What about if you regularly compete against this gym because you live in the middle of nowhere, but their gym is 150 miles away? And they are a National Team Training Center that has turned out Olympians? Do you think it would be okay to ask? I have wanted to shadow their practices for a while but am too intimidated.
==
Of course. Just ask.
 
I knew a guy who walked into a top gym that regularly put kids onto the national team. He had no experience at all, but that wasn't a problem for the gym owner so he ended up shadowing for a number of months before being asked to stay at the gym in a coaching position. He ended up working with many kids who were quite far along in their efforts to make it to the top, including genuine olympic hopefuls.

That story took place decades ago and may not happen in the same time frame today, but the sentiment of teaching new people remains in many of us no matter how high a level we've coached.
 
What about if you regularly compete against this gym because you live in the middle of nowhere, but their gym is 150 miles away?

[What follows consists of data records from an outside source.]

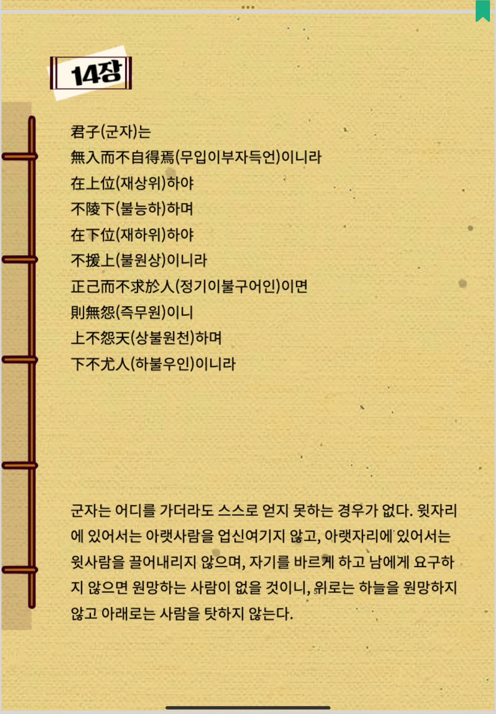 중용은 어느 한 쪽에 치우치지 않는 것, 과하면서도 동시에 모자람이 없는 것을 의미한다. 그렇다면, 치우친 것은 무엇인가? 무엇을 과하다고 말하며, 무엇을 모자라다고 말할까? 이에 대한 명쾌하고 구체적인 정답은 없다. 그저 매순간 자신을 돌아보며, 지금 중간의 위치에 있는지 판단해야 한다. 이런 관점에서 중용의 정수는 ”자신의 위치를 돌아보는 행위“, 그 자체에 있는게 아닐까?
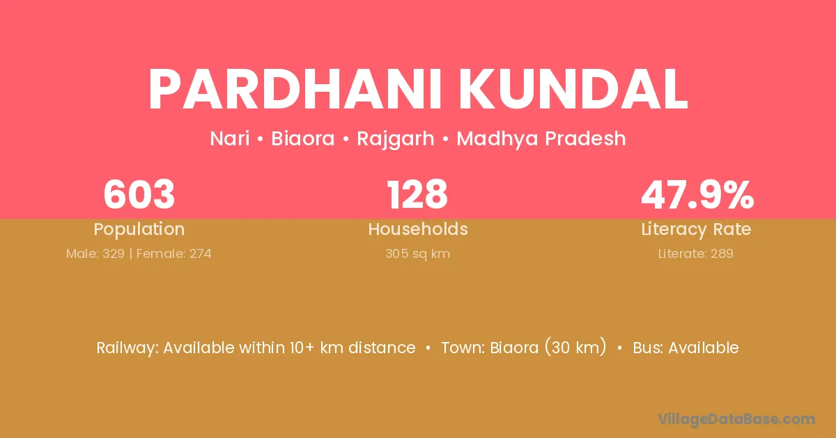 Biaora (30 km) is the nearest town to Pardhani Kundal village for major economic activities and is located approximately 30 km away.
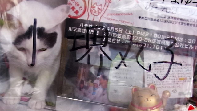 三戸の猫、八ちゃんの記事はその額の柄を借りて「よし、では私の名前を縁起よくしよう!」と思いついたことに心打たれました。しかも使うのは透明な板。やっている状況を写真で見るまで何がなにやらです。
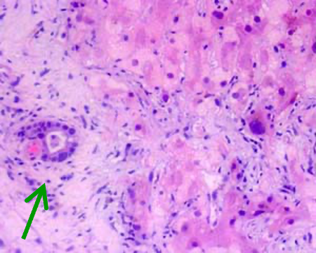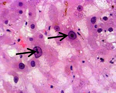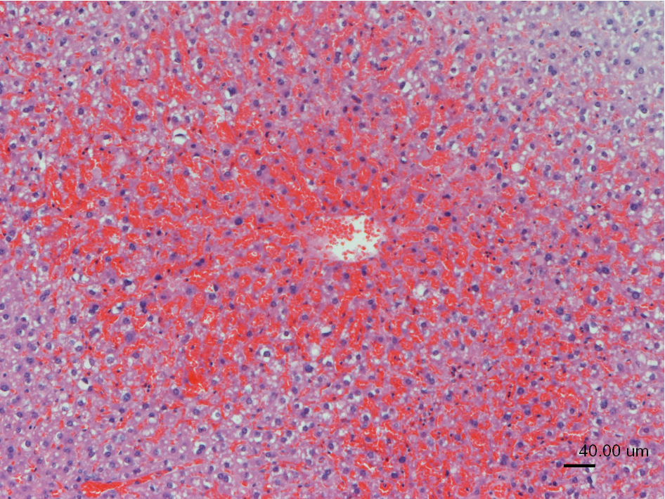 early stage —> degenerate/necrotic hepatocytes still orderly arranged
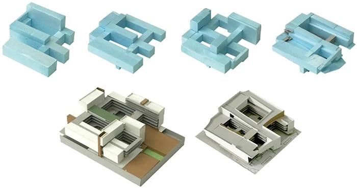 进一步思考如何形成院落的系统:如何形成整体与个体的群组关系?院落在围合的同时如何保持开放,如何与东侧的操场结合成一个整体?

And they are a National Team Training Center that has turned out Olympians? Do you think it would be okay to ask? I have wanted to shadow their practices for a while but am too intimidated.

Donna, Bill, John and Robin would welcome you with open arms. you want their number? :)
 
Ha:) not the gym I was mentioning! Are you saying Parkettes? I'd love to shadow them too, but they're quite a bit further away!
 
They also will do clinics btw. If you have a parents association or booster club since it's something only for team they may be able to budget the expense of bringing a coach as a clinician. Sometimes just as cheap as you traveling and staying there, PLUS the. The coach can work with/spot/explain directly with your students and create lessons and drills using the stuff available in your gym.